RezGuru By TableGrabber Helps Restaurants Take A Smarter Approach To Pricing And Reservations

TableGrabber aims to help restaurants fill their empty seats, and to that end, it’s launching a new platform today called RezGuru at the Disrupt SF startup battlefield.

The goal, as laid out by co-founders (and siblings) Sonia and Pawan Marwaha, is to adjust things like pricing and reservation availability in a way that maximizes revenue. For example, a restaurant might be so crowded that it’s turning people away between 8 and 10 pm, but it’s half-empty at 6 — so wouldn’t it make sense to encourage people to show up earlier, and maybe offer them better deals if they do?

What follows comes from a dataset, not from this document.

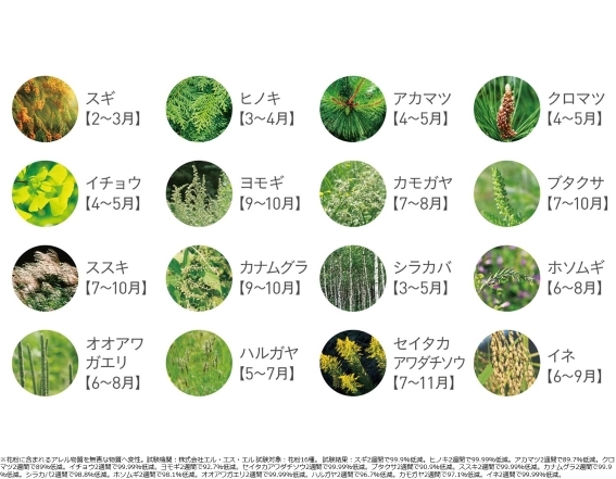 ※花粉に含まれるアレル物質を無害な物質へ変性。試験機関:株式会社エル・エス・エル。試験対象:花粉16種。

Pawan (who’s also the company’s “chief grabber”) and Sonia gave me a quick tour of the RezGuru dashboard, which highlights things like a restaurant’s current revenue, as well as revenue averaged out across each available seat per hour. Restaurants identify the numbers that they want to maximize, then RezGuru will create pricing strategies for different times of day to make that happen, complete with detailed predictions about how performance will change.

Sonia told me that RezGuru makes those forecasts based on 21 different data points. Some of the data comes from the restaurants themselves (RezGuru can integrate with their point-of-sale systems), while some of it is external, including things like upcoming events and weather.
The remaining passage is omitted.